The first year of Habibullah Khan's reign passes without any internal disturbance, or event of importance. Gen. Mir Attar Khan, who was imprisoned by the late amir, is released and reinstated in his old post of commander-in-chief, or rather of Naib, or deputy commander-in-chief, for this is the title by which the successors of the late Gen. Gholam Haidar Khan in the command of the Army have been designated. The amir is said to be reluctant to confer the full appointment on anyone, and there is a belief current that he is likely to keep it for Yahya Khan, whose daughter, whom he lately married, has become his favourite wife. Yahya Khan is at present in great favour with the amir, and his position in Kabul not unnaturally excites the jealousy both of the amir's own relatives and of the leading chiefs and sardars. There are rumours of intrigues in favour of the amir's youngest half-brother, Mohammad Omar, but they seem to die away, and towards the end of the year Mohammad Omar is reported to be in delicate health. There are also rumours that the amir's full brother, Nasrullah Khan, has fallen into disgrace, and even that he has been imprisoned. These are, as usual, followed by complete denials, and assurances that the best feeling exists between the two brothers.
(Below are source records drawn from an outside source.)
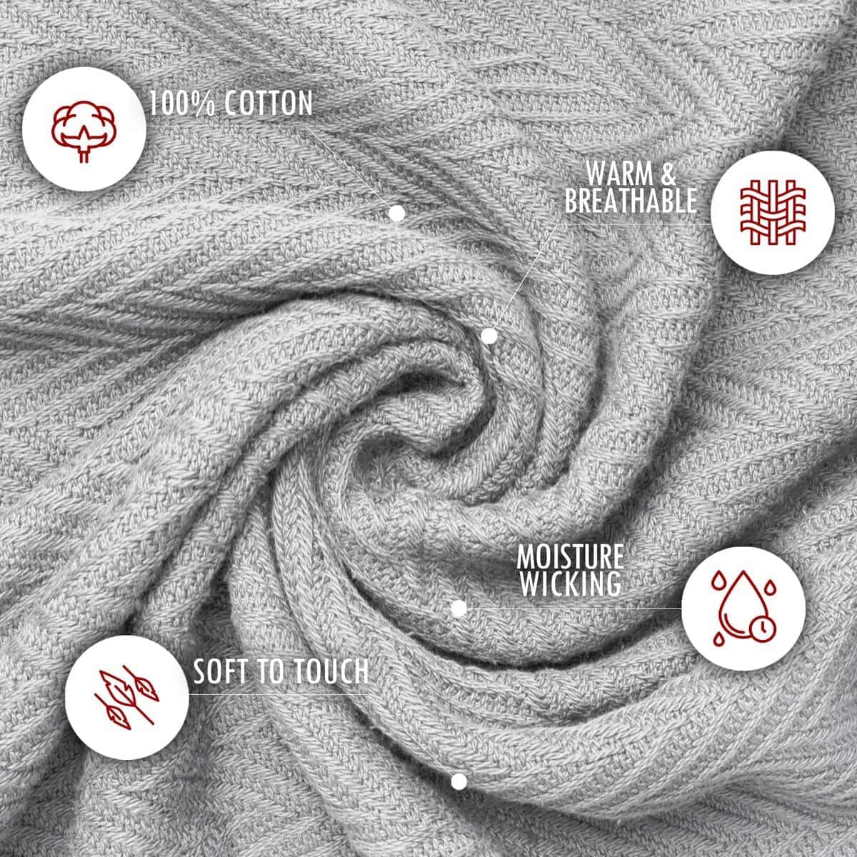 3. USO VERSÁTIL Ya sea colgada sobre tu sofá, extendida en tu cama, colocada al pie de tu cama o guardada en el armario, esta manta es el compañero perfecto para tu vida en casa. Nuestra manta de algodón tiene un peso ideal que te mantiene fresco en las noches calurosas de verano y cálido durante las noches frías de invierno, haciéndola perfecta para todas las estaciones.
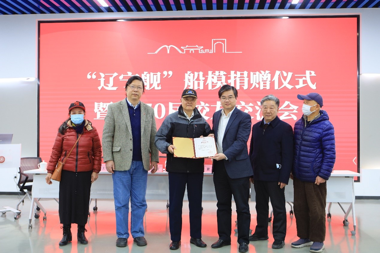 爱国荣校,筑梦深蓝。在各位嘉宾的见证下,廖世俊代表学院接受了夏爽捐赠的“辽宁号”船模,薛鸿祥向夏爽致送了捐赠证书。薛鸿祥表示,“辽宁舰”航母是大国重器的标志性代表,其船模将会放置于院史馆展厅展览,激励全院师生不忘前辈精神,继续砥砺前行。
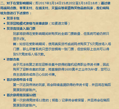 最终,在经过长达41小时的维护之后,玩家们终于可以进入游戏了,不过事情并没有完全解决,官方宣布:备份服务器也发生故障,只能将游戏数据回档至2017年1月14日15:20。也就是说,从14号下午3点到维护之前,所有我们获得的东西——卡牌、金币、天梯等级、竞技场胜利等等都没有了,当然你消耗的东西——金币以及所开的卡包等也将恢复原样。
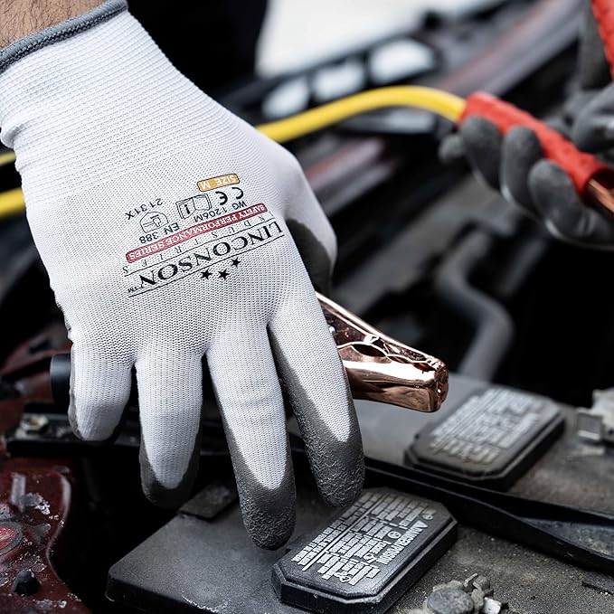 linconson 12 Pack Safety Performance Series Construction Mechanics Wrinkle Latex Work Gloves
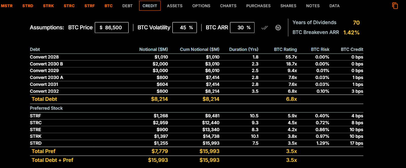 Strategy, найбільший у світі корпоративний власник біткойнів (BTC), випустив новий кредитний рейтинг Dashboard на основі національної вартості привілейованих акцій компанії та стверджує, що має ще 70 років виплати дивідендів для обслуговування свого боргу, якщо ціна біткойна залишиться незмінною.

The relations of Habibullah Khan with the British government are reportedly of the most friendly nature throughout the year, and he orders his officers on the frontier to prevent all outlaws from British territory from entering Afghanistan. He is reported to have said in durbar that he found by experience that a mild rule was unsuited to the Afghans, and that he has consequently ordered the revival of his father's Secret Intelligence Department. But although the domestic history of Afghanistan during 1902 is comparatively colourless, a very important move is made or attempted by Russia in what may be called its foreign policy. The Russian government suggests to the British government that whilst it fully recognizes the existing agreement between the two countries by which it is precluded from direct diplomatic intercourse with Afghanistan, it would be of the greatest convenience if the Russian and Afghan officials on the frontier were allowed to communicate direct with one another for commercial purposes only. To this proposal the British foreign secretary, Lord Lansdowne, answers that before expressing any opinion on it he would like to know exactly what it means. As to what takes place since, no information is given to the public, except that correspondence is ongoing. But if there is any doubt of the true meaning of the Russian proposals this is removed by the Russian press, which declares openly that the time has come that the agreement excluding Russia from Afghanistan should be set aside and that Russia should insist on as full commercial and political intercourse with that country as is enjoyed by England itself.

==Incumbents==
- Monarch – Habibullah Khan

==Early 1902==
The Hadda mullah, Najibuddin, visits Kabul and is received by the amir with great favour and distinction. It is first reported that the amir is completely under his influence; then it is said that he is virtually a prisoner, and that the amir never visits him. Towards the end of the year he is sent back to his own country, with an allowance of Rs. 16,000 a year.

==October 1902==
Habibullah holds a great durbar to commemorate the anniversary of his accession, and releases 8,000 prisoners.